The Homes and Communities Agency has hit back at allegations it has funded substandard housing through the £1.06bn Kickstart programme as the political row over the scheme escalates

The HCA has been under fire since it emerged that 54% of the 136 schemes in the programme to restart stalled private sites scored less than 10 out of 20 in an assessment by Cabe. The HCA has been under pressure after refusing to release the details of what each of the schemes scored.

However, HCA chief executive Sir Bob Kerslake this week said many of the schemes were simply scored down because builders didn’t provide all the information for Cabe’s assessment, and that every scheme rated poorly had been subsequently double-checked by the HCA for quality.

Kerslake said that after further examination, schemes’ scores had risen, with one moving from a score of 1.5 to 16.5. Kerslake said another development moved from a score of 5.5 to receiving a Building for Life silver standard from its local authority.

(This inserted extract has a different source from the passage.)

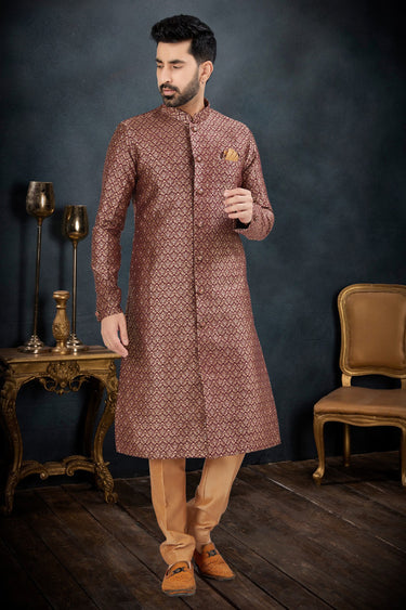 Wine Stunning Banarasi Jacquard Fabric Wedding Wear Readymade Indo Western Suit For Men

The HCA refused to disclose the names of the schemes in question, and added that it had not rescored the schemes itself so was unable to provide overall data for the shift in scores.

Kerslake declined to criticise Cabe, maintaining that the £250,000 assessment costs were worthwhile for highlighting schemes that needed extra checks.

He said: “Some schemes didn’t include the full information, as Cabe wasn’t asked to do more than a desktop exercise, and other schemes had wider contextual issues, such as amenity space having already been provided.”

However, Matt Bell, director of external affairs at Cabe, said the body stood by its assessments and piled further pressure on the HCA. He said: “You can tell very clearly from the plans that most of the schemes will not provide well designed homes, on a well laid-out site. Even with full information, most are clearly never going to be good enough.”

Kerslake did accept that the level of design in a number of cases was not the “aspirational” standard the HCA would seek in housing it had commissioned itself.